Edited with some corrections. Also mrchampion pointed out further down in this thread that it is likely the lead contamination comes from leaded gasoline during shipment.
The article mentions that the cadmium can largely be mitigated by preventing the beans from touching dirt in the drying process and shielding them from heavy metal dust. The lead though is probably introduced at the factory, and that's obviously a problem but not immediately clear where it's being introduced.
It also mentions that the only likely reason milk chocolate doesn't have these unsafe levels is because the dairy content reduces the amount of pure chocolate requires for the mix. So both milk and dark chocolate are bad, it's just milk chocolate has cocoa in it and thus less heavy metal.
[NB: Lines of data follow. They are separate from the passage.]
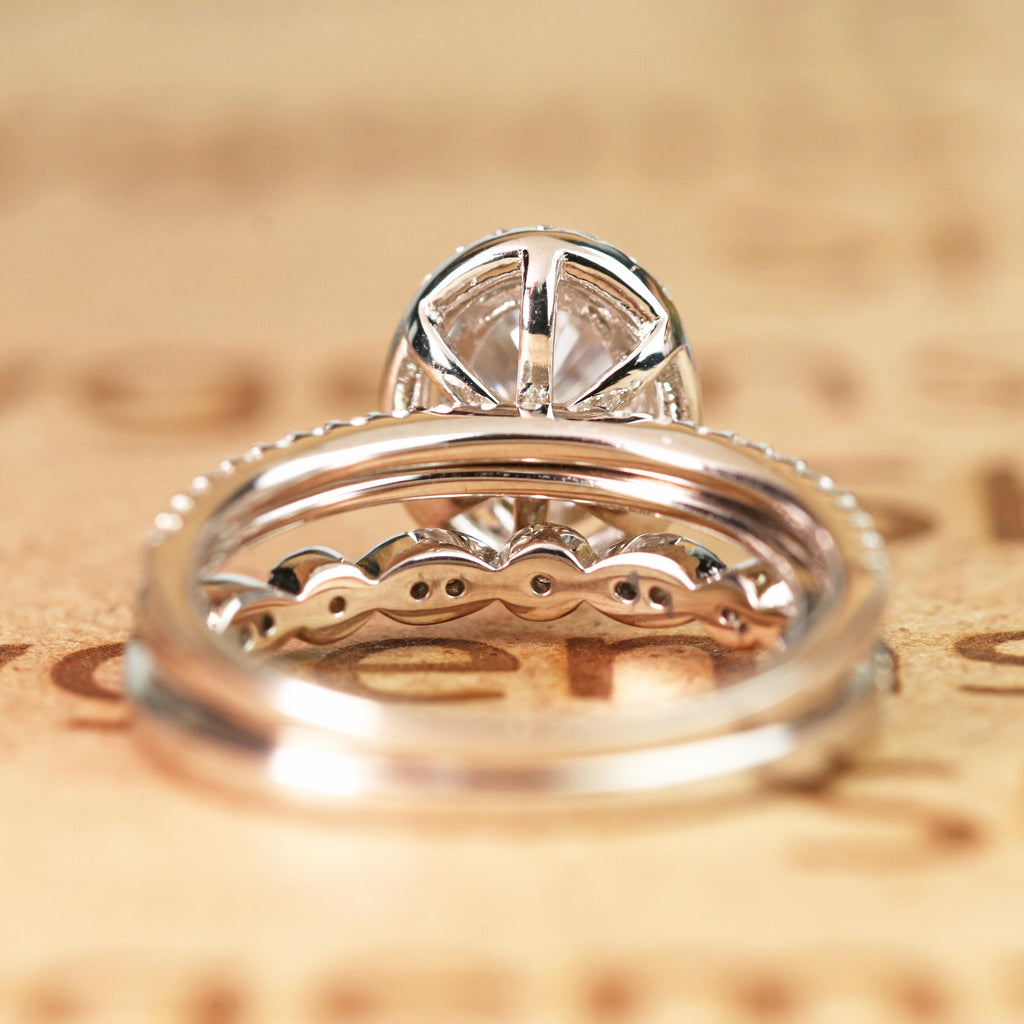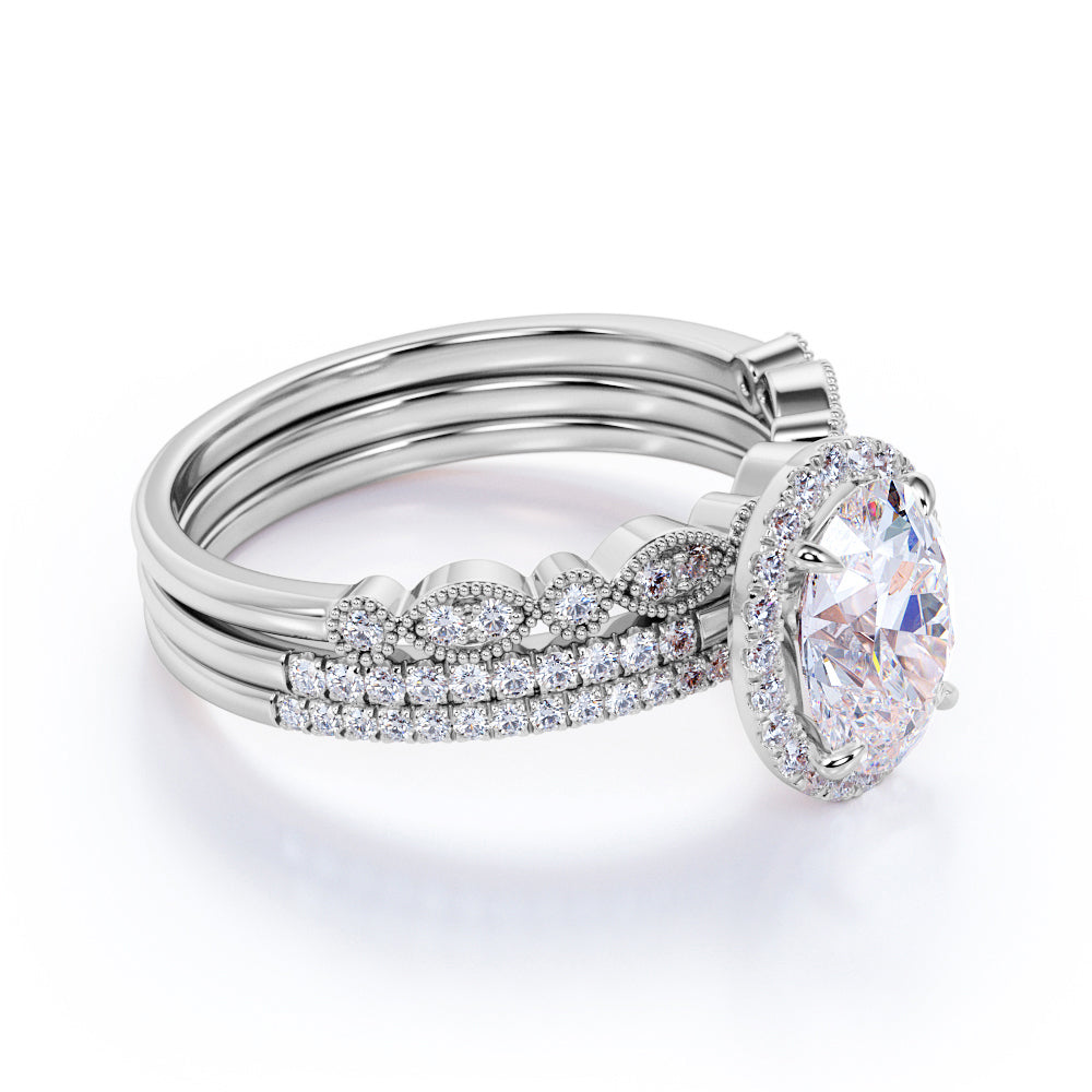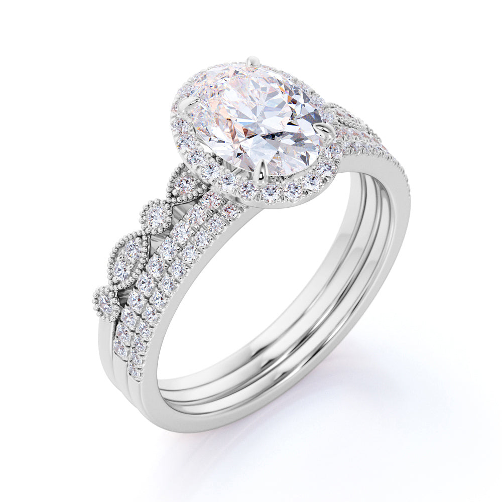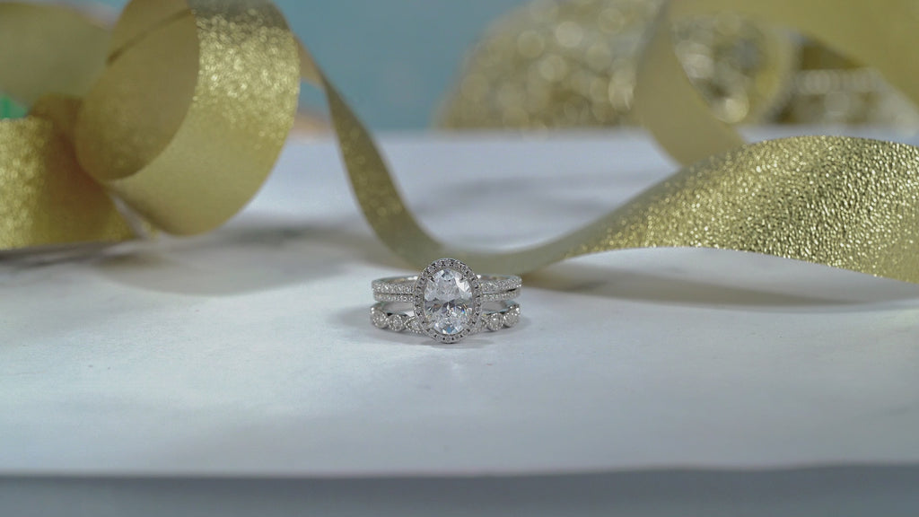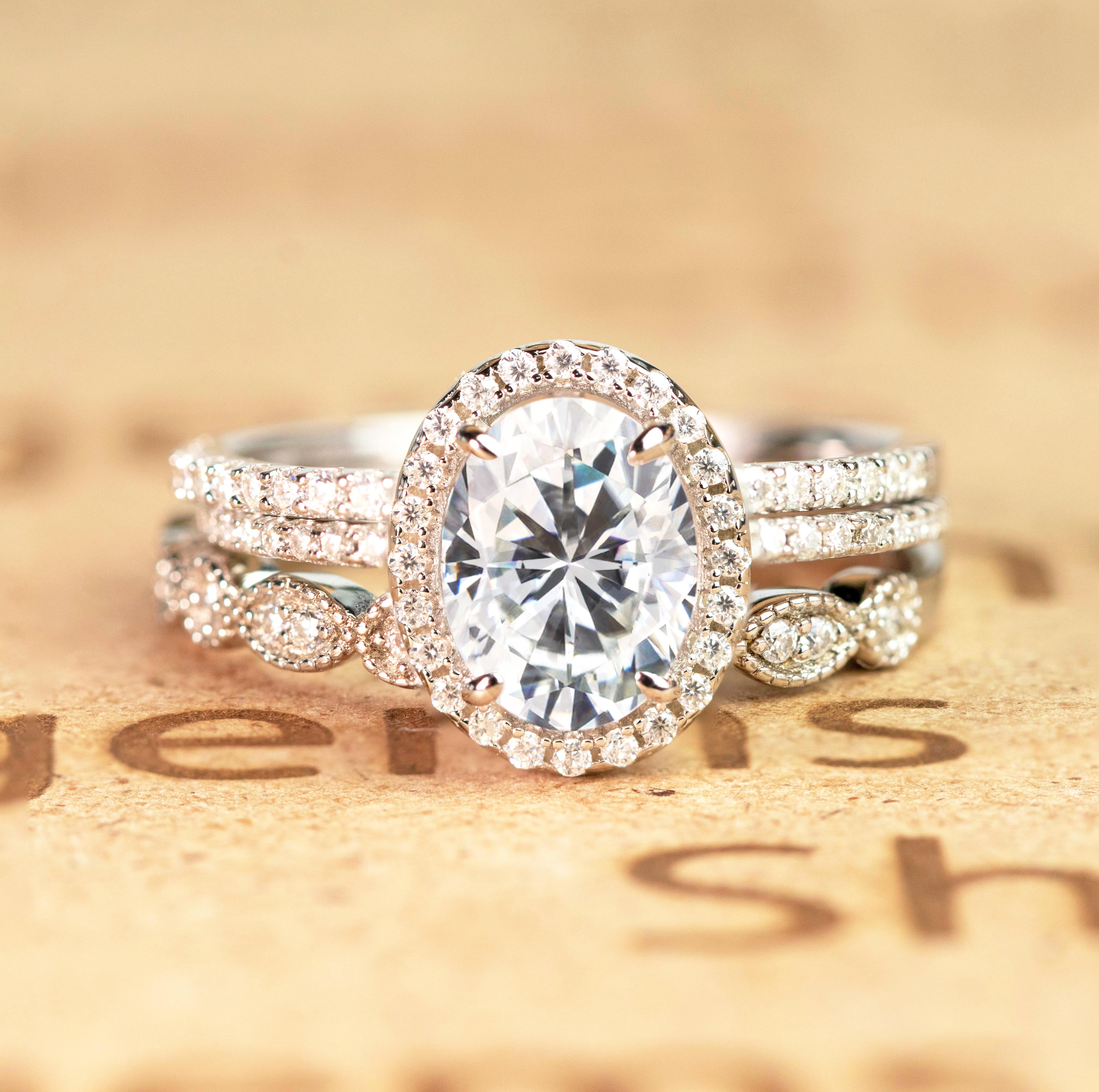 Art Deco 2 Carat Oval cut Real Moissanite Wedding Trio Ring Set with Engagement Ring and 2 Wedding Bands in 18k Gold Over Silver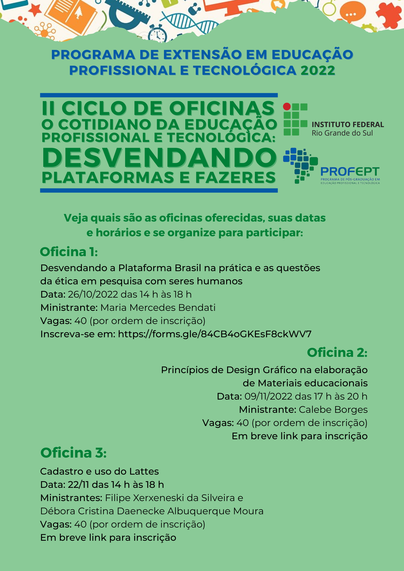 Será realizado nos dias 05 e 06 de outubro de 2022, o III Seminário ProfEPT IFRS - Pobreza, desigualdades sociais, educação profissional e tecnológica: estratégias de enfrentamento,...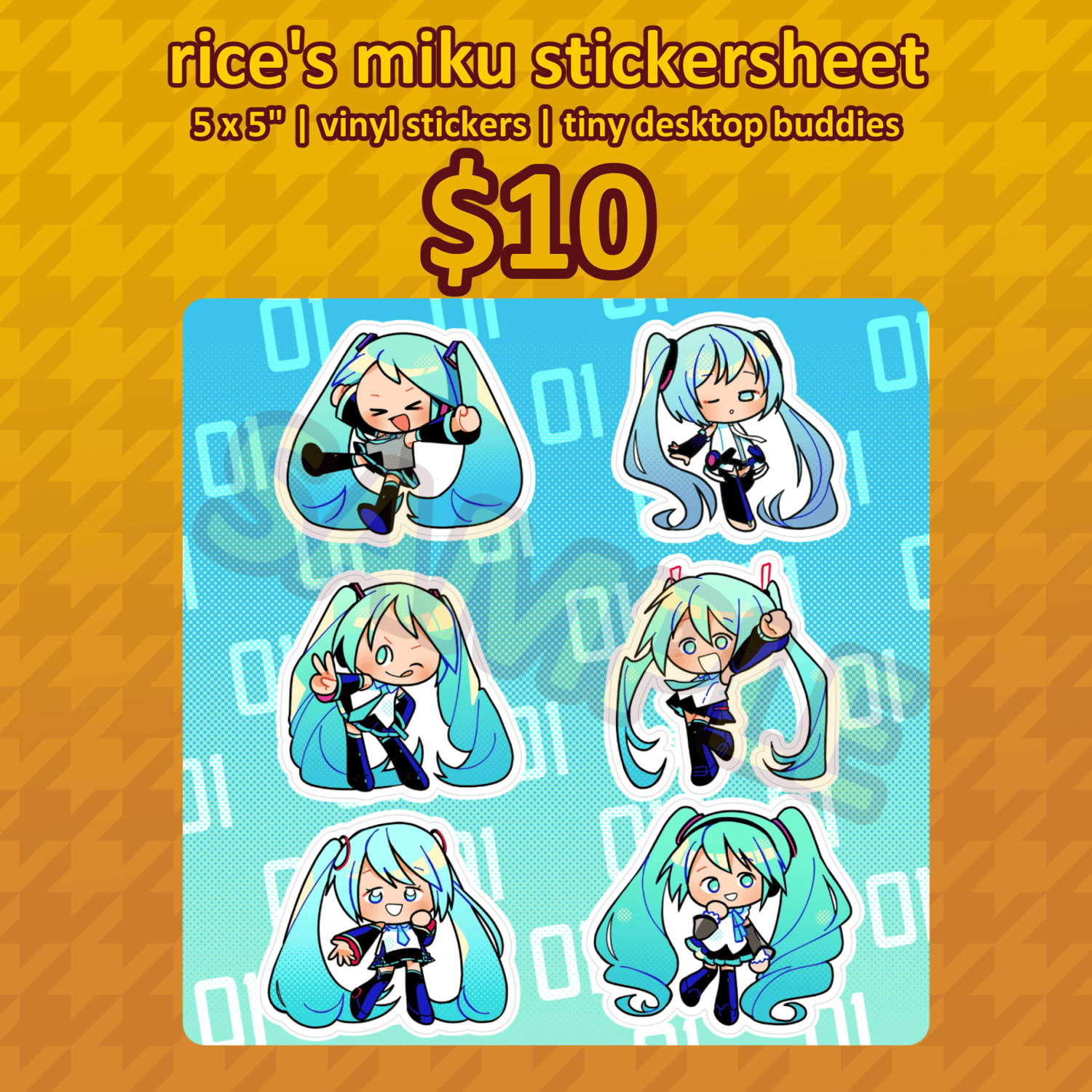 a 5 x 5" stickersheet featuring miku in different outfits. sorry i forgot to put these up before im doopid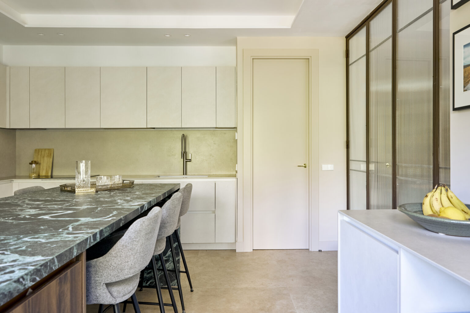 El resultado es una cocina que equilibra la fuerza del verde con la sutileza de los tonos neutros. Los acabados claros, la luz natural y la geometría limpia del mobiliario aportan equilibrio visual, dejando que la textura del material hable por sí misma.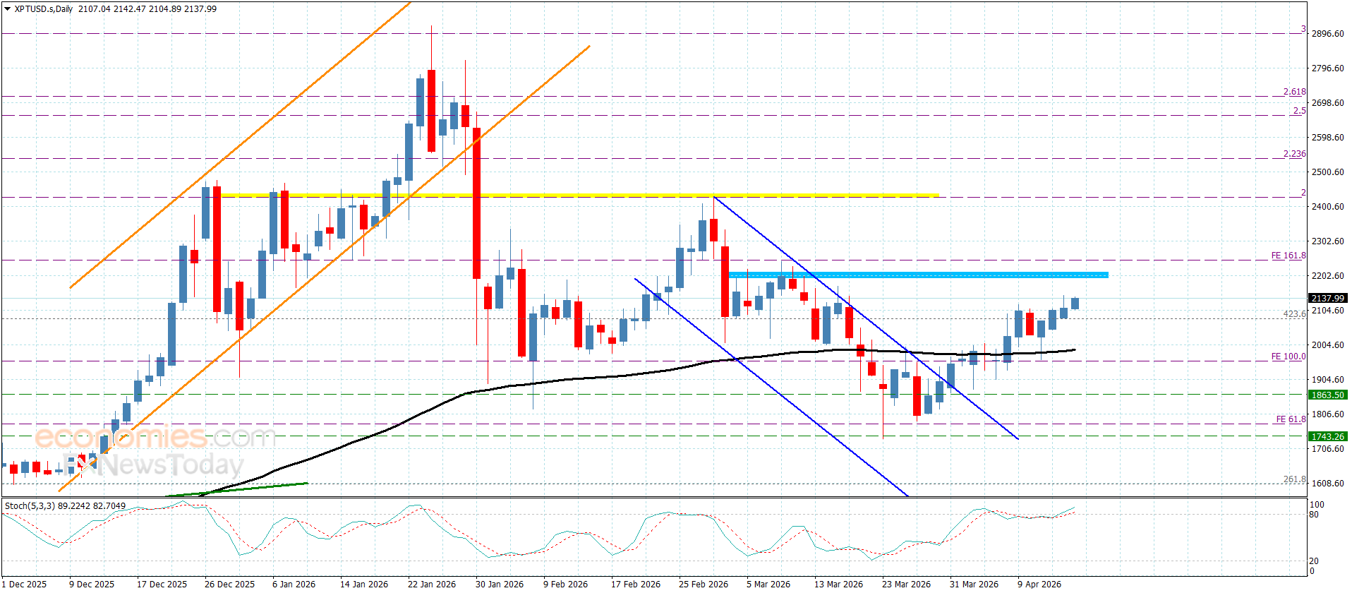 Platinum price renewed the negative corrective attempts, affected by the negative factors that is represented by forming strong barrier at $2245.00 level, besides providing negative momentum by the main indicators, to reach the initial target at $1950.00.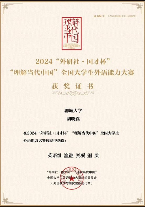 黄色网站 胡晓真同学在2024外研社国才杯全国大学生外语能力大赛荣获校赛演讲铜奖,对该获奖同学予以祝贺表彰。
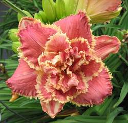 Лилейник Unlock the Stars (Анлок Зе Старс). Цветки махровые, светло-вишнёво-розовые с жёлтым глазком и такой же гофрированной каймой!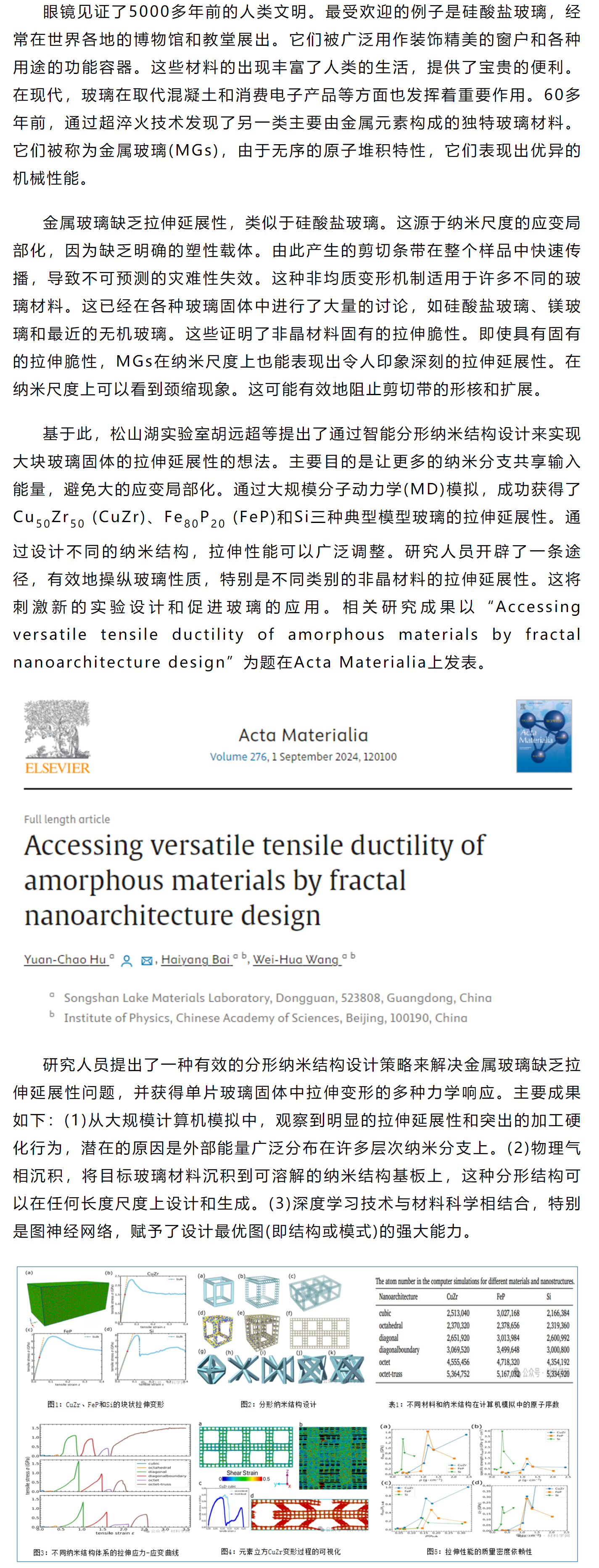 《ACTA MATER》胡远超等工作:利用分形纳米结构设计获得非晶材料的大拉伸延展性

But we just brought out "Her She" packaging. Now you want us to remove lead, which was saving us over a quarter cent per pallet? Millennial entitlement is truly boundless.
Here's Consumer Reports Dec. 2022 report that lists chocolate by company.
This was the report that started a run on dark chocolate from certain sources that helped raise prices to the crazy levels they are now (along with a worldwide shortage).
I ate a chunky bar the other night, because you know, sadness, and then went for a run a while later. A mile or so in my kidneys started to hurt. I can't say it was for sure the chunky bar but they haven't hurt like that before or since. What type of villainous corporate hack poisons the thing that's supposed to be the small escape of joy?
Also, Chunky is Nestle but still my bias says poison. I'm prepared to now receive your insults for liking Chunky bars.
Cool they used a picture of a chocolate bar even when chocolate bars were the one thing that consistently did not have heavy metals.
Mmm Cadmium Eggs are my favorite
How did you get two down votes for that joke. That was brilliant
Inaccurate. Hershey doesn't make Cadbury.